A message broker is, at its core, a specialised database optimised for sequential writes and sequential reads. Understanding its storage model explains why brokers can handle millions of events per second on commodity hardware, why random access is slow, and why retention and compaction work the way they do.
The commit log
Each partition is stored as a commit log — an append-only sequence of bytes on disk. Writes always go to the end of the log. There are no inserts in the middle, no updates in place, and no deletions of individual records. This makes writes extremely fast — sequential disk writes (and page cache writes) are as fast as disk hardware allows. Random writes (inserting in the middle of a file) are orders of magnitude slower because the disk head must seek. Sequential writes avoid seeking entirely.
The same is true for reads. Consumers read the log sequentially from their committed offset forward. The operating system's page cache (a region of RAM that mirrors recently accessed disk pages) absorbs most reads — if the consumer is near the head of the log, its reads almost certainly hit the page cache rather than physical disk. This is why a broker can serve many consumers from the same data with minimal disk I/O — they all read the same pages from RAM.

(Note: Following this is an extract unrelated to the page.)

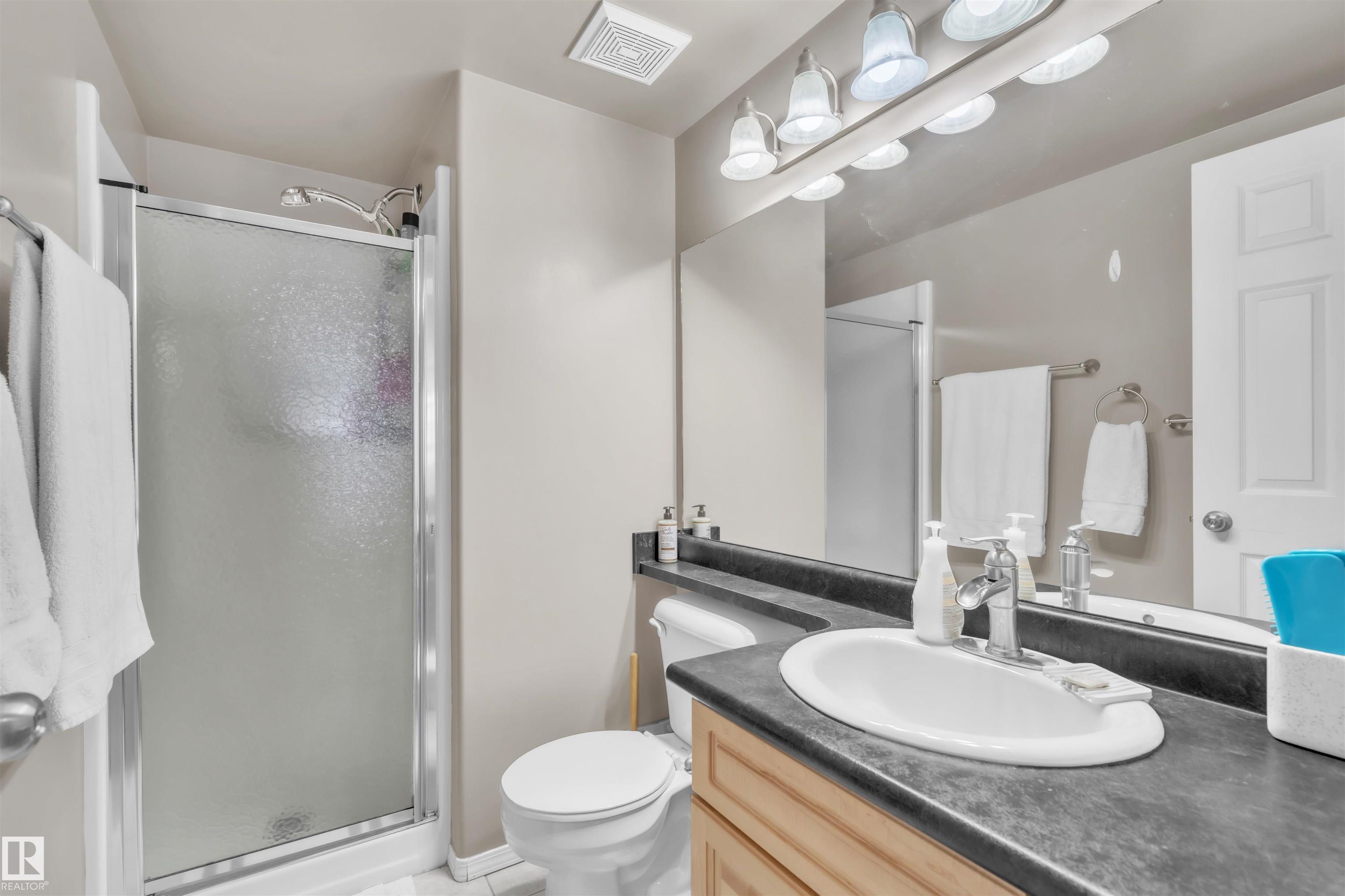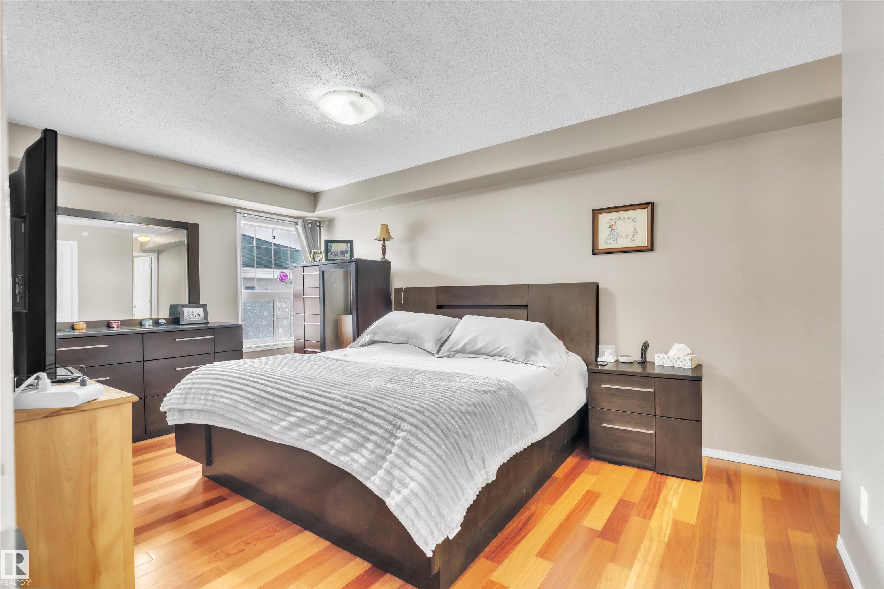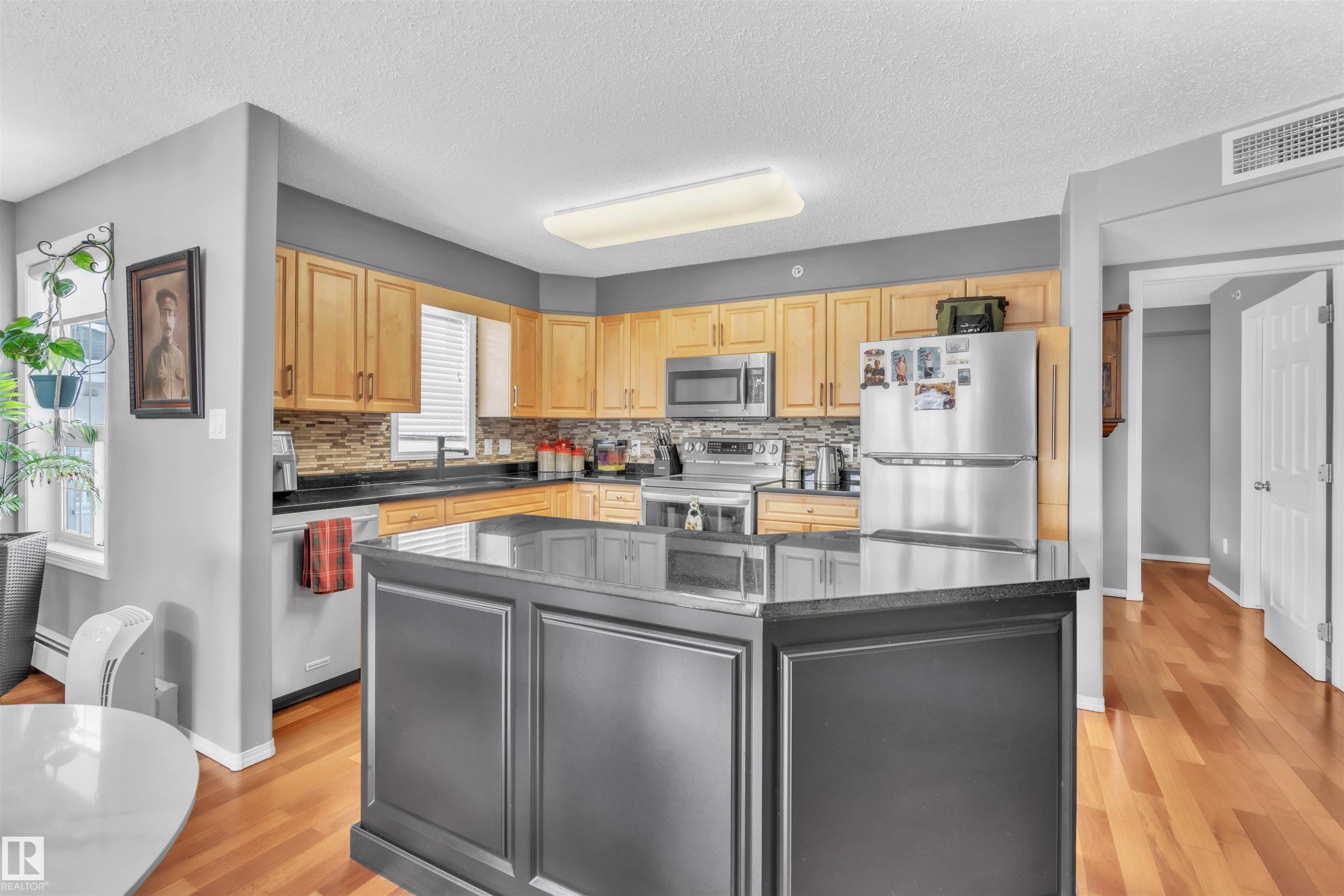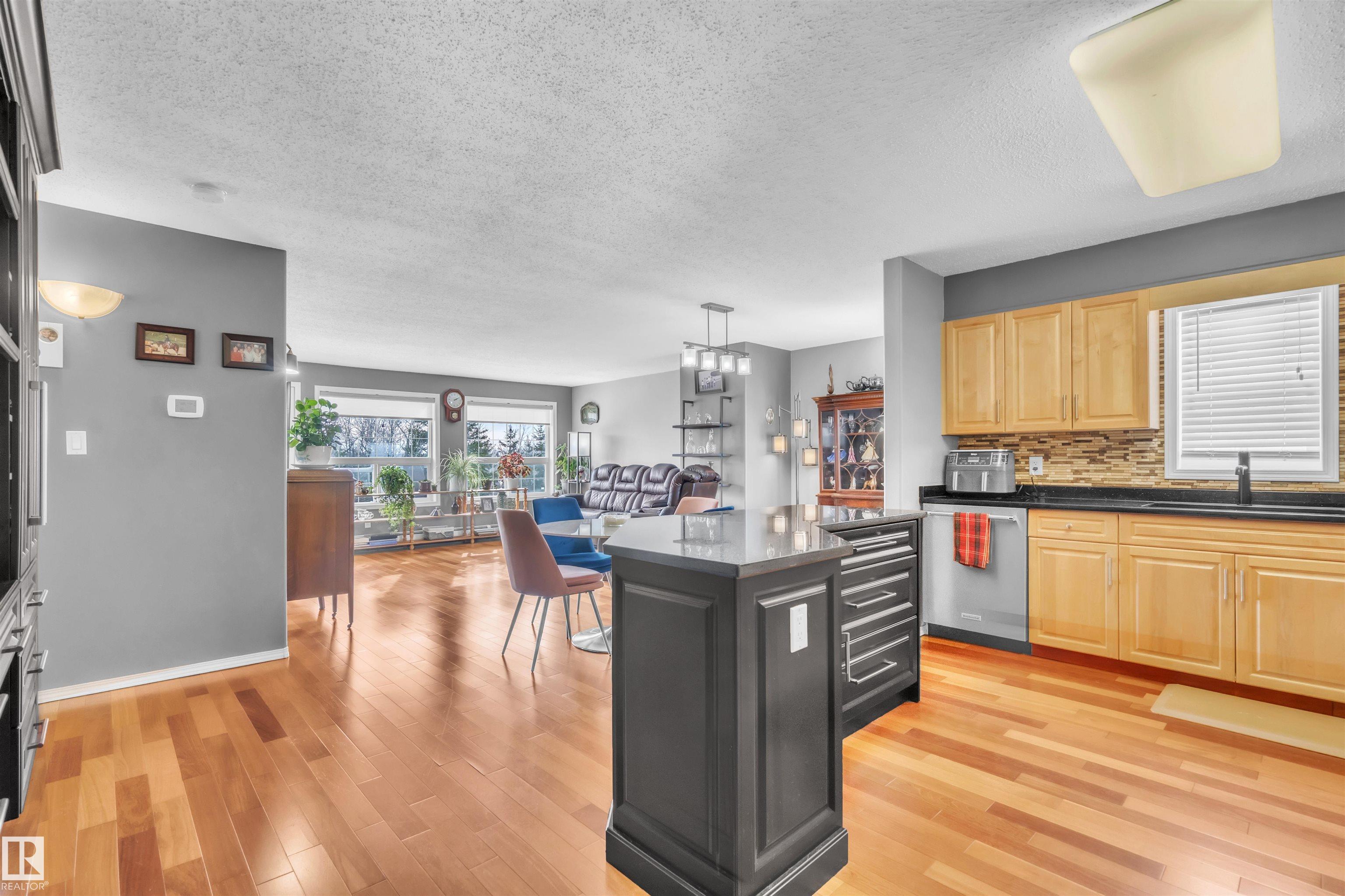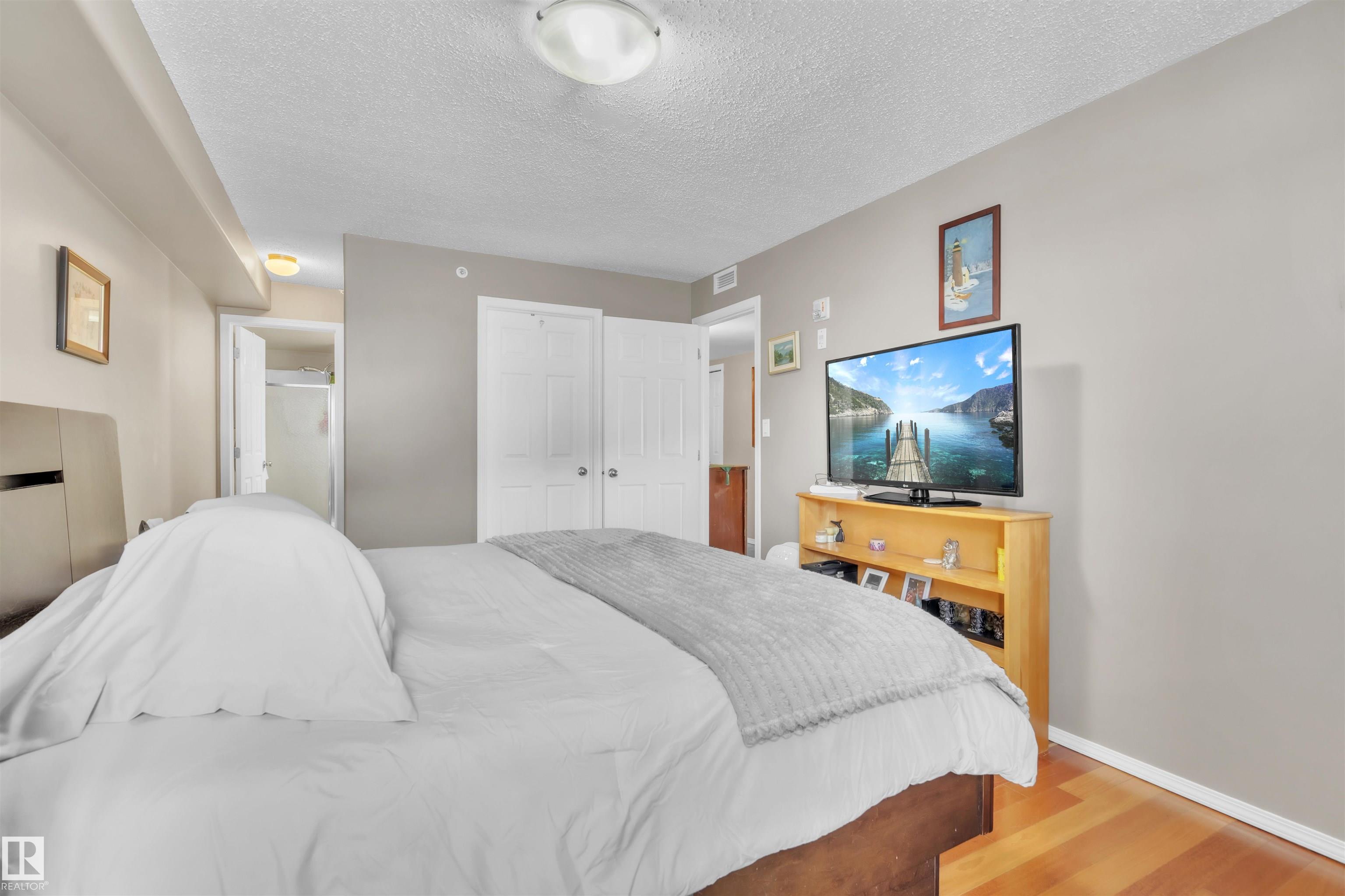 Top-floor 2-bedroom condo backing onto nature! This immaculate, move-in-ready unit offers 1,200 sq ft with an open-concept kitchen, dining, and living area designed for comfortable everyday living. The spacious kitchen features maple cabinetry, granite countertops, stainless steel appliances, and a convenient eat-up island. The living room is filled with natural light thanks to well-placed windows that overlook the surrounding forest. Step out onto the private patio just off the living room, which faces the trees and includes a natural gas hookup for your BBQ. The primary bedroom provides a relaxing retreat with space for a king-sized bed, a walk-in closet with built-in shelving, and a 3-piece ensuite. A second generously sized bedroom, 4-piece main bathroom, and laundry room complete the layout. This unit also includes central A/C, one heated underground parking stall with storage, plus an outdoor energized stall. The building offers a secure entrance, elevator, and a social room.

Segments — how the log is physically split on disk
A partition's log is not one giant file. It is split into segments — fixed-size files (typically 1 GB) plus a corresponding index file. When a segment reaches its size limit, a new segment is created. The currently-being-written segment is called the active segment. All older segments are immutable.
# On the broker's filesystem, one partition looks like this:
/data/kafka/freshmart.orders-3/ ← partition 3 of freshmart.orders topic
00000000000000000000.log ← segment starting at offset 0
00000000000000000000.index ← sparse offset → byte-position index
00000000000000000000.timeindex ← timestamp → offset index
00000000000000985432.log ← segment starting at offset 985432
00000000000000985432.index
00000000000000985432.timeindex
00000000000001847291.log ← active segment (currently being written)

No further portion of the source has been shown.